About this task =>
Without including any images, repeat the data exactly.

Information provided =>
◇ ◇ ◇ ◇ ◇ ◇ ◇
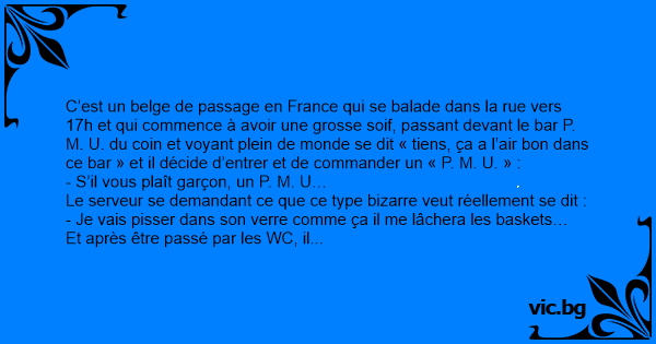 C’est un belge de passage en France qui se balade dans la rue vers 17h et qui commence à avoir une grosse soif, passant devant le bar P. M. U. du coin et voyant plein de monde se dit « tiens, ça a l’air bon dans ce bar » et il décide d’entrer et de commander un « P. M. U. » :
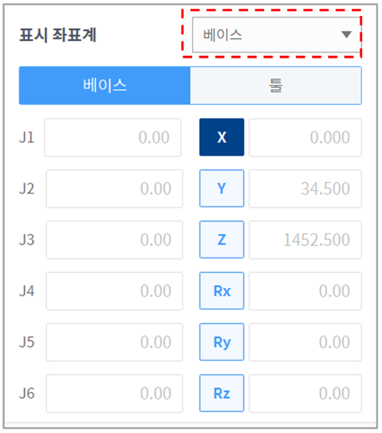 - 이동하려는 베이스 좌표계를 선택하십시오.
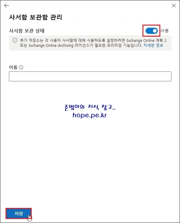 보관 사서함을 사용하기 위해서, '사용' 버튼을 클릭 후 '저장'을 클릭 합니다.
◇ ◇ ◇ ◇ ◇ ◇ ◇
Written response =>
 C’est un belge de passage en France qui se balade dans la rue vers 17h et qui commence à avoir une grosse soif, passant devant le bar P. M. U. du coin et voyant plein de monde se dit « tiens, ça a l’air bon dans ce bar » et il décide d’entrer et de commander un « P. M. U. » :
 - 이동하려는 베이스 좌표계를 선택하십시오.
 보관 사서함을 사용하기 위해서, '사용' 버튼을 클릭 후 '저장'을 클릭 합니다.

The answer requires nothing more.